> [WHAT YOU WILL DO]:
Each line of data below is to be returned exactly, leaving out any picture.

> [GIVEN DATA]:
========================================

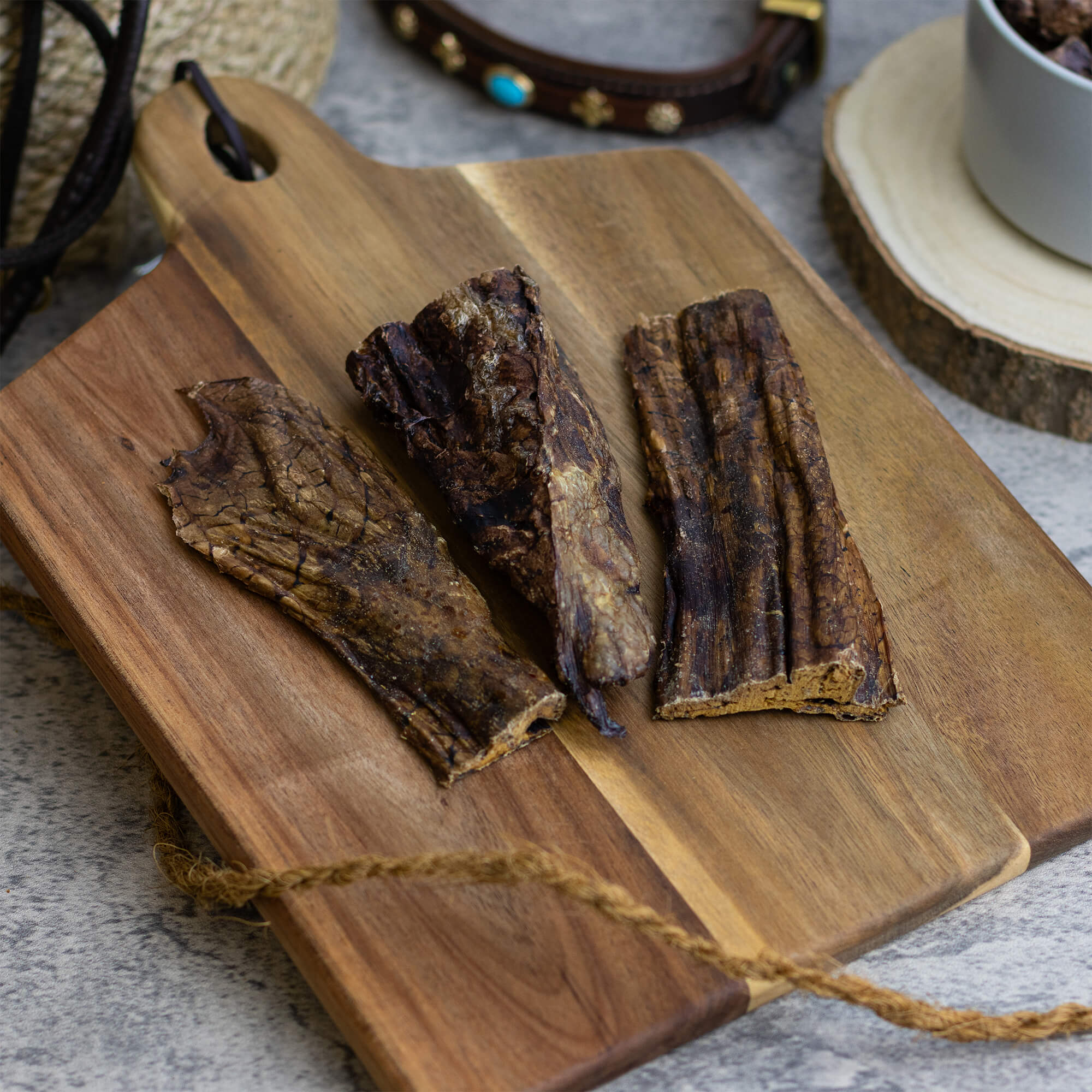 Alle Trockenartikel werden aus schlachtfrischen Rohstoffen mittels schonender Trocknung hergestellt. Und das war’s auch schon!
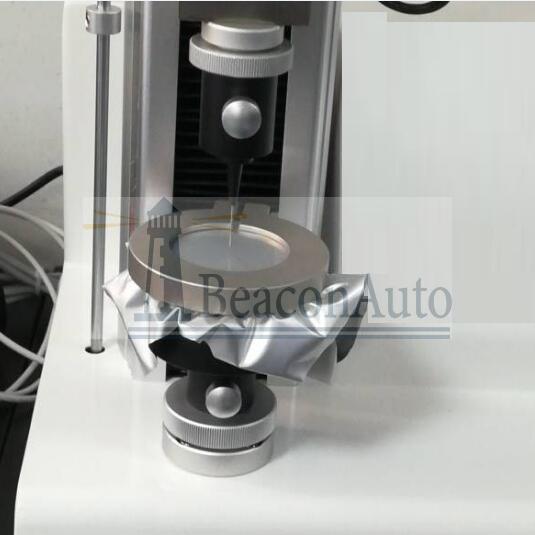 WDC-5鋰電池隔膜穿刺強度試驗機 穿刺強度定義: 將直徑為100mm的試片安裝在樣膜固定夾環(huán)上,然后用直徑為1.0mm,球形頂端半徑為0.5mm的鋼針,以(50±5)mm/min的速度去頂刺,讀取鋼針穿透試片的大負(fù)荷,測試片數(shù)5個以上,取其平均值。 塑料薄膜的抗穿刺能可更全面反映薄膜的抗穿刺性能。 塑料薄膜或復(fù)合薄膜的耐穿刺力是檢測包裝材料的重要指標(biāo)之一,尤其是對于蒸熟肉制品包裝,例如禽類肉制品,其中骨頭對包裝材料有較強的穿刺能力,因此,測試包材的穿刺強度是包材廠家及食品生產(chǎn)企業(yè)必檢項目。其實驗方法在GB/T 10004-2008(包裝用塑料復(fù)合膜、袋干法復(fù)合、擠出復(fù)合)有明確規(guī)定。
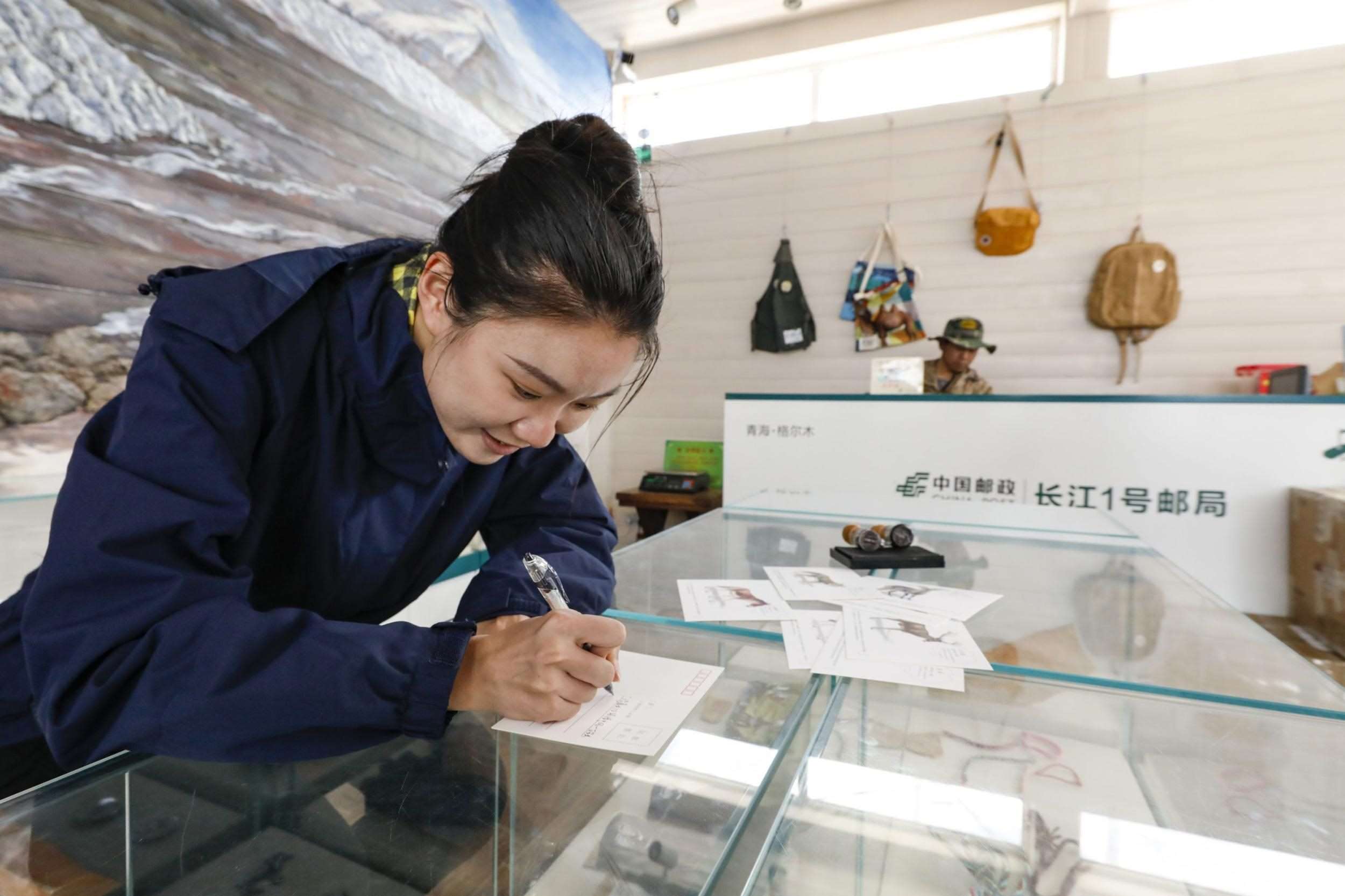 2023年7月23日,在“長江1號”郵局,一名女士郵寄長江生態(tài)保護(hù)主題明信片。王箏 攝
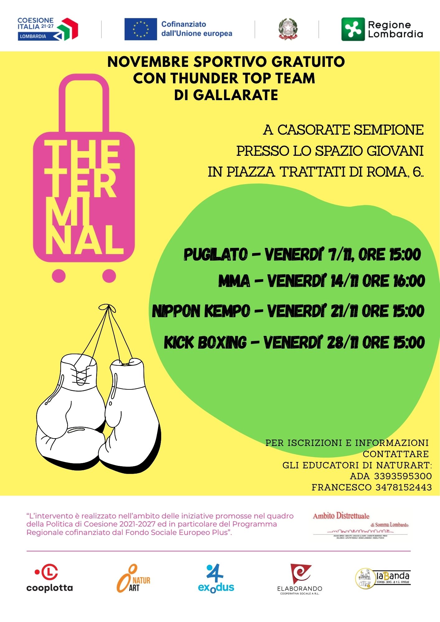 - “Novembre sportivo gratuito” con Thunder Top Team a Casorate Sempione presso lo Spazio Giovani a novembre 2025 il venerdì pomeriggio.

========================================

> [COMPLETED TASK]:
 Alle Trockenartikel werden aus schlachtfrischen Rohstoffen mittels schonender Trocknung hergestellt. Und das war’s auch schon!
 WDC-5鋰電池隔膜穿刺強度試驗機 穿刺強度定義: 將直徑為100mm的試片安裝在樣膜固定夾環(huán)上,然后用直徑為1.0mm,球形頂端半徑為0.5mm的鋼針,以(50±5)mm/min的速度去頂刺,讀取鋼針穿透試片的大負(fù)荷,測試片數(shù)5個以上,取其平均值。 塑料薄膜的抗穿刺能可更全面反映薄膜的抗穿刺性能。 塑料薄膜或復(fù)合薄膜的耐穿刺力是檢測包裝材料的重要指標(biāo)之一,尤其是對于蒸熟肉制品包裝,例如禽類肉制品,其中骨頭對包裝材料有較強的穿刺能力,因此,測試包材的穿刺強度是包材廠家及食品生產(chǎn)企業(yè)必檢項目。其實驗方法在GB/T 10004-2008(包裝用塑料復(fù)合膜、袋干法復(fù)合、擠出復(fù)合)有明確規(guī)定。
 2023年7月23日,在“長江1號”郵局,一名女士郵寄長江生態(tài)保護(hù)主題明信片。王箏 攝
 - “Novembre sportivo gratuito” con Thunder Top Team a Casorate Sempione presso lo Spazio Giovani a novembre 2025 il venerdì pomeriggio.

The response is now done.